Она скрестила руки на груди, по её телу пробежала дрожь.
– Бабушка, ты не дашь мне порошок? Я бы хотела лечь, меня знобит.
– Идиотка! – взорвалась тётя Алисия. – Тебе место за прилавком. Давай, выходи замуж за какого-нибудь экспедитора.
– Хорошо, если ты настаиваешь, тётя, а сейчас я хотела бы лечь.
Госпожа Альварес пощупала ей лоб.
– Ты плохо себя чувствуешь?
– Нет, бабушка, просто мне грустно.
Она прислонила голову к плечу госпожи Альварес и впервые в жизни патетически, по-женски закрыла глаза.
Сёстры переглянулись.
– Ты не думай, девочка моя, – сказала госпожа Альварес, – мы больше не будем тебя мучить. Раз ты действительно не хочешь…

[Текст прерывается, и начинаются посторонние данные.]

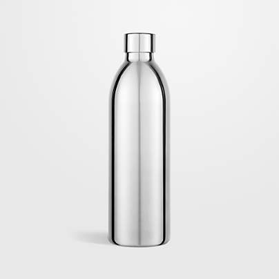 Sparkle your own water with this streamlined water carbonator constructed of polished stainless steel. A striking yet understated presence on your kitchen countertop, the compact sparkling water maker fits in anywhere, while the slender proportions and stainless steel accents are elegant and modern. Ultra-simple operation—twist bottle on, press lever, release lever and twist bottle off—makes carbonating water a breeze. The precision nozzle releases CO2 in a calm, controlled spray for efficient absorption and optimal bubble size. With its classic curves and polished stainless steel lid and base, the included one-liter bottle looks sleek on the table or in the fridge.

– Что сделано, то сделано, – сухо сказала Алисия. – И нечего об этом говорить.
– Во всяком случае, ты не можешь нас упрекнуть, что была лишена советов: ты их получила, и лучших получить не могла.
– Я знаю, бабушка. И всё же мне грустно.
– Почему?
Жильберта не ответила. По её нежной щёчке скатилась слеза. Неожиданно резко задребезжал звонок, Жильберта вздрогнула.
– Ах, это он! – воскликнула она. – Это он… Бабушка, я не хочу его видеть, спрячь меня, бабушка…
Тётя Алисия сразу насторожилась, угадав опытным ухом низкие, страстные ноты в голосе Жижи. Она сама открыла дверь и быстро вернулась. Следом за ней появился Гастон Лашай с пожелтевшим лицом и мутными белками глаз.
– Здравствуйте, тётушка, здравствуй, Жижи, – сказал он неестественно игривым голосом. – Я на минутку, только забрать шляпу.
Никто не ответил, и уверенность покинула его.
– Да что же это такое? В конце концов, вы могли бы сказать мне хоть слово, по крайней мере поздороваться.
Жильберта шагнула к нему.
– Нет, вы пришли не за шляпой, – сказала она. – У вас в руке другая. Шляпа здесь ни при чём. Вы пришли мучить меня.
– Нет, это уж слишком, – возмущённо вмешалась госпожа Альварес, – я этого просто не вынесу.